Assignment =
Reproduce the listing in full, pictures excluded.

Supplied data =
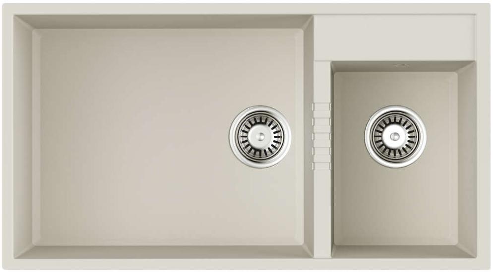 Габариты 85×46.5 см обеспечивают простор для работы и легко помещаются в модуль шириной от 90 см. Основная чаша размером 52.5×42.5 см и глубиной 21.5 см рассчитана на крупную посуду и кастрюли, она удобна для мытья и замачивания. Дополнительная чаша 25×34.5 см с глубиной 19 см отлично подходит для предварительной обработки продуктов и ополаскивания. Нереверсивная конструкция означает фиксированное расположение чаш, что важно учитывать при планировании расположения смесителя и распределения рабочего пространства.
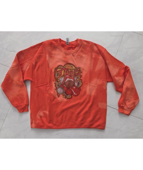 Orange upcycled sweatshirt with tongue-inspired graphic and rhinestone detail.
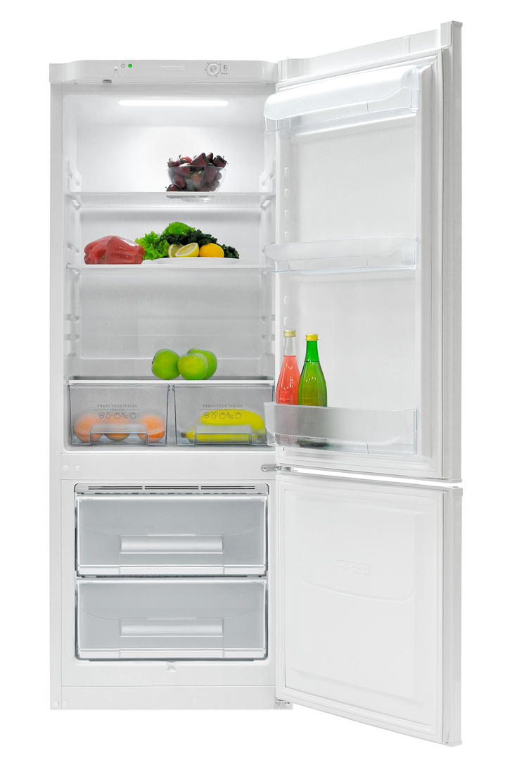 Полки из ударопрочного стекла выдерживают нагрузку до 40 кг. Их легко можно перемещать по высоте, что дает возможность разместить продукты

Completed exercise =
 Габариты 85×46.5 см обеспечивают простор для работы и легко помещаются в модуль шириной от 90 см. Основная чаша размером 52.5×42.5 см и глубиной 21.5 см рассчитана на крупную посуду и кастрюли, она удобна для мытья и замачивания. Дополнительная чаша 25×34.5 см с глубиной 19 см отлично подходит для предварительной обработки продуктов и ополаскивания. Нереверсивная конструкция означает фиксированное расположение чаш, что важно учитывать при планировании расположения смесителя и распределения рабочего пространства.
 Orange upcycled sweatshirt with tongue-inspired graphic and rhinestone detail.
 Полки из ударопрочного стекла выдерживают нагрузку до 40 кг. Их легко можно перемещать по высоте, что дает возможность разместить продукты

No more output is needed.